In this article, I address two novels that examine the role of immigration in circumstances of transnational, transracial Asian adoption by linking adopted people with immigrant subjects in the United States. More specifically, Chang-Rae Lee’s A Gesture Life and Anne Tyler’s Digging to America feature adoptive parents who, like their children, are immigrants and visible minorities from different places in Asia. The books explore the ways that immigrant selfhood is both similar and different for adopted people and non-adopted people as all of the characters seek to understand their American identities in light of their flexible cultural and national alliances. While the adoptees both come from a Republic of Korea that is an American ally, their parents, importantly, come from nations with which the United States has (and continues to have) complex and hostile relationships (Japan and Iran, respectively). As such, their eagerness to assimilate into their American communities are weighted by social anxieties and political tension, influences that drive them to raise their adopted children as "typical Americans" – practices more in line with earlier adoptive parenting from the 1950s and ’60s when adoptee assimilation into American culture was the primary goal.
Claiming America through the claiming of children exposes already fraught circumstances of transnational, transracial Asian adoption and exposes the deep interconnectedness of ideas of race, kinship, and nationality within instances of adoption and beyond. Here, I have tried to express a different perspective to those transnational adoption conversations that highlight the complexities of racial and ethnic subjectivity, national belonging, and connections to personal pasts that are long gone – since those commentaries almost entirely focus on adoptees as singularly challenged by these factors. Importantly, Lee's and Tyler’s novels remind us that, just as transnational, transracial Asian adoptees are a heterogeneous group made up of many different and incomparable people, so too are adoptive parents – so we must resist the urge to transform them into archetypes like most other narrative representations do. A Gesture Life and Digging to America point to the different ways that transnational, transracial Asian adoption haunts and challenges the categories of identity not only for adoptees but also for immigrant adoptive parents as well as the nation that they claim. In other words, these discussions about transnational, transracial Asian adoption, as well as immigrant adoptive parents, provide us with the opportunity to expose some of the inner workings of American racial politics – who can claim the nation and how.

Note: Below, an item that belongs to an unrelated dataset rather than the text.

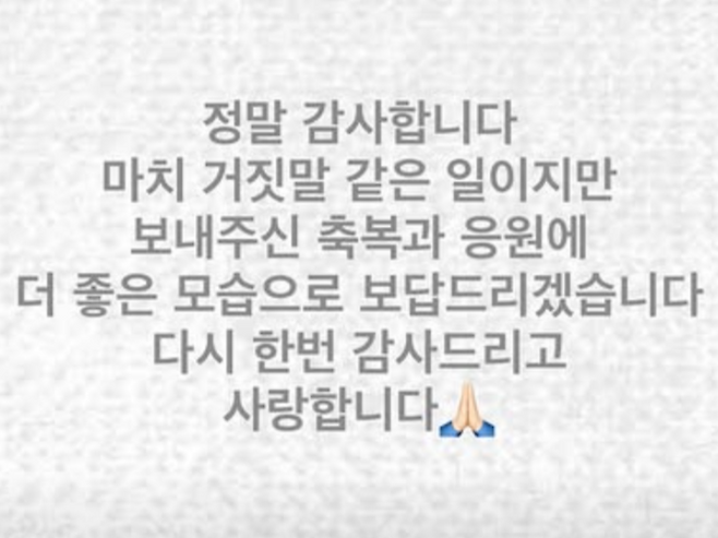 배우 이태리는 1일 자신의 SNS를 통해 “정말 감사합니다. 마치 거짓말 같은 일이지만 보내주신 축복과 응원에 더 좋은 모습으로 보답드리겠다”며 “다시 한번 감사드리고 사랑한다”고 밝혔다.

Certainly, these novels reflect upon different experiences of being an immigrant in the United States, and I do not wish to homogenize East and West Asian people into one indeterminable mass. What I do think is an interesting point of comparison between these two texts, however, is the fact that characters have indeed immigrated from nations in the Asian continent that have been deemed threats to the United States and American people (the xenophobic, racist and supremacist beliefs that fuel anti-Islamic practices since 9/11 are reminiscent of the internment and deportation of the Japanese and Japanese Americans people in the 1940s). In A Gesture Life, Lee’s protagonist is a Japanese man who has immigrated to the United States following the Second World War. Despite his assumptions that he would be deemed undesirable not just because of his Asian origins but, more specifically, his Japanese heritage, Franklin Hata is met with guarded welcome. He is able to succeed in many ways, obtaining property and a small business, ultimately enjoying a comfortable life in the town of Bedley Run. Likewise, Sami and Ziba Yazdan in Country of Origin are not necessarily un-welcome in their Baltimore suburb, but they definitely feel marginalized from certain parts of society on account of the anti-Islamic sentiments that leave them feeling targeted as Iranian-American immigrants. The complexity of the situation of immigrating from a nation like Iran in the twenty-first century or Japan in the middle of the previous century, certainly influences the ways that migration, assimilation, and belonging are dealt with in these novels, and it is due to that similarity that I wish to consider these texts in comparison to one another.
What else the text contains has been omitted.